RECORDKEEPING AND REPORTING
OSHA’s New Electronic Recordkeeping Rule to Take Effect in August
In May, OSHA issued a new final rule that will require employers in high-hazard industries to transmit to OSHA information about workplace injuries and illnesses, which employers already record on OSHA Forms 300, 300A, and 301. The new requirements take effect on Aug. 10, 2016, with a phase-in period for data submissions beginning in 2017. OSHA will remove all personally identifiable information from the data and publish it on the agency’s website.
According to OSHA, the rule is intended to better inform workers, employers, the public, and the agency about workplace hazards. OSHA stresses that these new requirements do not add to or change employers’ obligation to complete and retain injury and illness records under OSHA’s Recording and Reporting Occupational Injuries and Illness regulation.

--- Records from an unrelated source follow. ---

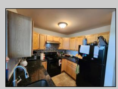
229 Heather Croft Egg Harbor Township, NJ 08234
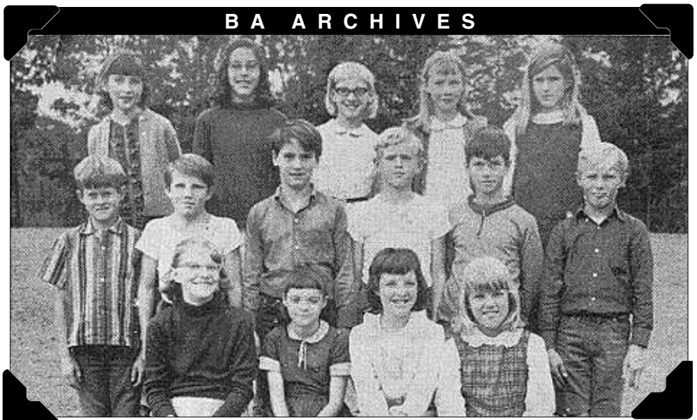
Bingham Academy Fifth Grade
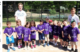
Pre-K students at Field Day 2017

978-465-7780, jsullivan@newburyportcatholic.org .
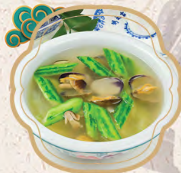
勝瓜花蜆湯 $21.95 Manila Clam & Squash Soup
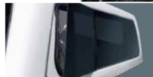
Frameless Screen Vent
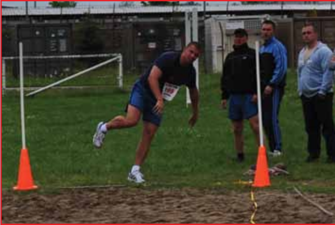
The competition involved many disciplines, including shot putt..
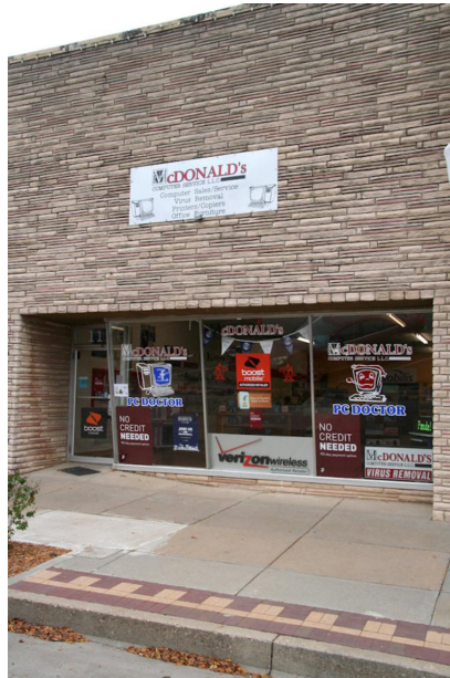
111 S. Summit. Front/east facade. 11-14-2017.
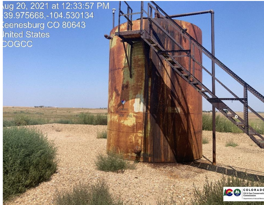
Pic 1 spill from top of oil tank
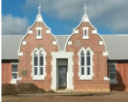
Main facade in July 2018

During a call with reporters to introduce the new rule, Assistant Secretary of Labor for OSHA David Michaels, PhD, MPH, stated that access to these data will allow the agency to use its resources more efficiently. According to Michaels, the new rule will help OSHA identify those workplaces where workers are at greatest risk. For example, the data might prompt the agency to refer high-rate small- and medium-sized employers to OSHA’s free on-site consultation program, or to send hazard-specific outreach information to employers.
Once the data is made public, prospective employees could use it to identify workplaces where their risk of injury is lowest, Michaels said. Employers could also use the information to benchmark their health and safety performance against others in their industry.